TASK GOAL:
Please, in the data that follows, copy exactly the lines from the line with "兩會受權發布丨第十四屆全國人" through the last one, both included. Do not include pictures.

MATERIAL PROVIDED:
◇ ◇ ◇
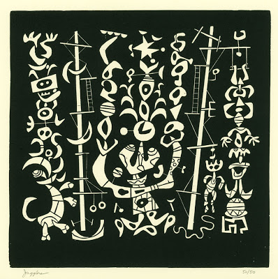 Jugglers, a 1957 Flora woodcut, was recently editioned at Yee-Haw Industrial Letterpress, in Knoxville. The 50 prints, struck from the original artist’s block, will be offered for sale by Jim Flora Art LLC in about a month. YH printed Railroad Town in 2006/2007, and plans to produce several more Flora relief prints over the next two years. A vintage artist’s print of this work was reproduced in The Curiously Sinister Art of Jim Flora.
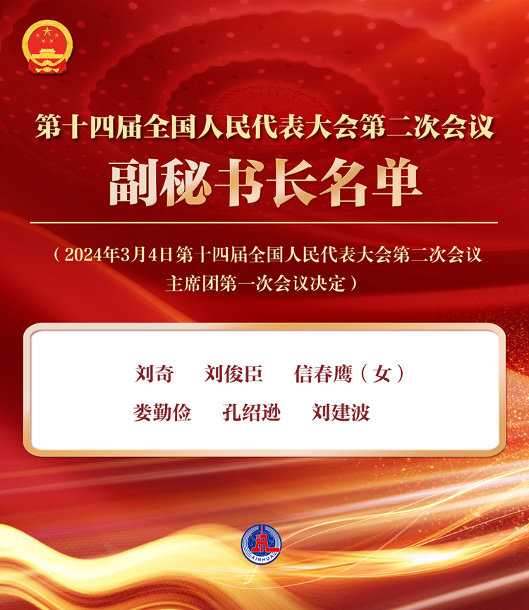 兩會受權發布丨第十四屆全國人民代表大會第二次會議副秘書長名單_2024全國兩會大型融媒體專題_新華網
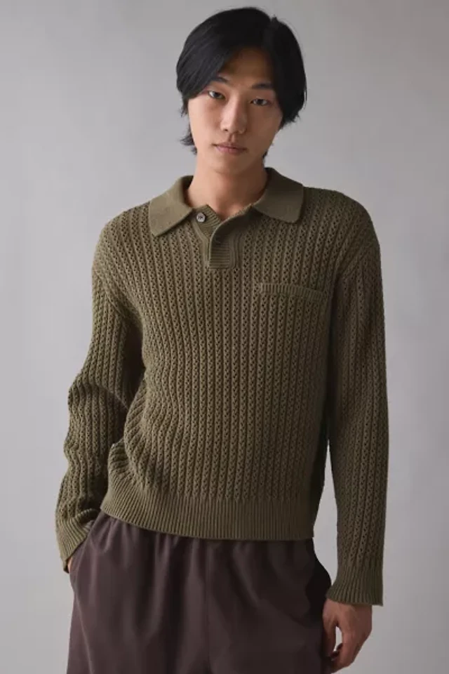 Open knit sweater with polo collar
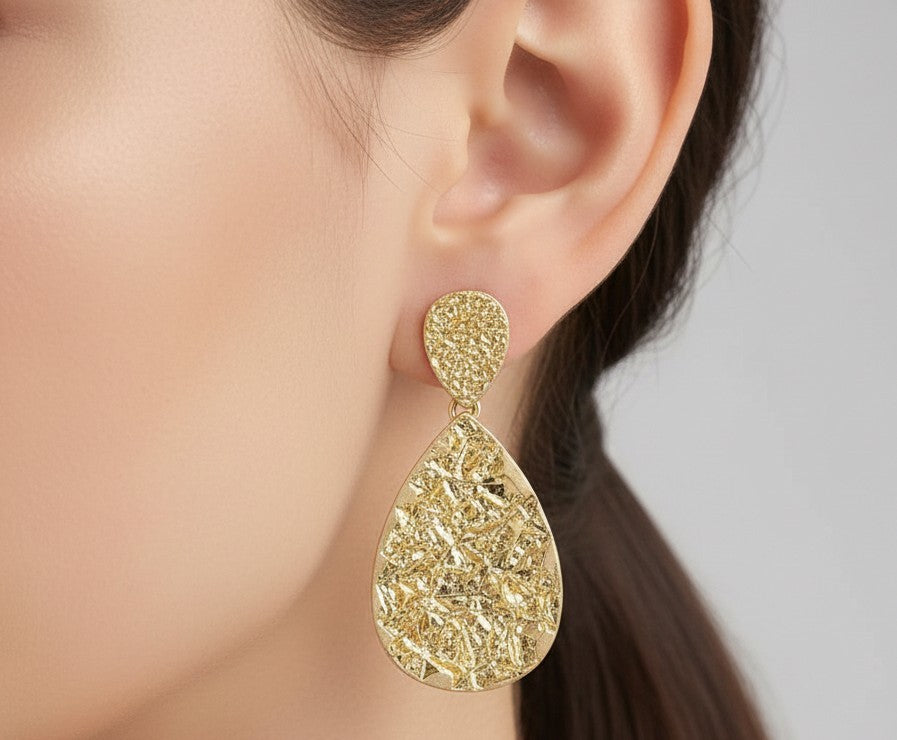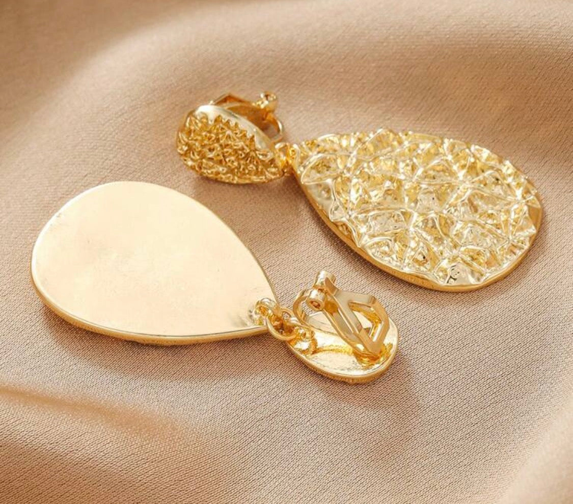 Trendy 2" clip on gold textured dangle solid teardrop earrings
◇ ◇ ◇
TASK SOLUTION:
 兩會受權發布丨第十四屆全國人民代表大會第二次會議副秘書長名單_2024全國兩會大型融媒體專題_新華網
 Open knit sweater with polo collar
 Trendy 2" clip on gold textured dangle solid teardrop earrings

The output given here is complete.